In moving towards higher volume, lower margin business opportunities,
management expected a decrease in the overall operating margins. Third quarter
saw the beginning of our shipments to India, the Company's first significant
customer operating on the high volume, low margin model. The Company also
experienced shortages and delays in receiving raw materials which in turn
increased the overall manufacturing costs associated with fulfilling the order
for India. Gross margin for the third quarter decreased to 22% as compared to
51% for the same period last year. For the first nine months of the year gross
margin was 40% compared to 52% in the previous year. Management expects to see
improved margins in the coming quarters as further efficiencies are realized
in our manufacturing process for high volume orders.
At April 30, 2008 the Company had total assets of $2.6 million compared
with $2.9 million in total assets at July 31, 2007.
MedMira is a leading developer, manufacturer, and marketer of advanced
rapid diagnostics. Built on the Company's patented rapid flow-through
technology platform, MedMira's single and multiple rapid tests provide
hospitals, labs, clinics and individuals around the world with reliable,
diagnosis for diseases such as HIV and hepatitis C in just three minutes. The
company's tests, which are sold under the Reveal(R), MiraWell(R), MiraCare(TM)
and Multiplo(TM) brands in global markets, have achieved regulatory approvals
in Canada, the United States, China, Russia, India, and the European Union.
MedMira is an approved supplier to US Agency for International Development
(USAID) and the Pan American Health Organization (PAHO).

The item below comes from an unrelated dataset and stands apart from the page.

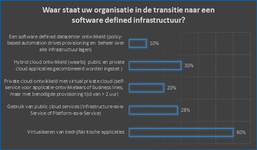 EMC onder 115 Nederlandse IT-beslissers. In dit onderzoek is antwoord gegeven op de vraag waar organisaties staan in de transitie naar een software defined infrastructuur. 30 procent van de IT-beslissers zegt een hybrid cloud ontwikkeld te hebben, 28 procent gebruikt public cloud services, 20 procent heeft een private cloud ontwikkeld en 10 procent geeft aan een software defined datacenter ontwikkeld te hebben.

In addition to owning proprietary flow-through technology, MedMira is
developing diagnostic instruments based on biosensor technology platforms. The
new diagnostic solutions will enable routine laboratory tests to be performed
in a matter of minutes, increasing automation, and streamlining the diagnosis
of multiple conditions and diseases. Together MedMira and Maple Biosciences
will be leading participants in the emerging fields of personalized medicine
and molecular diagnostics. For more information visit www.maplebio.com.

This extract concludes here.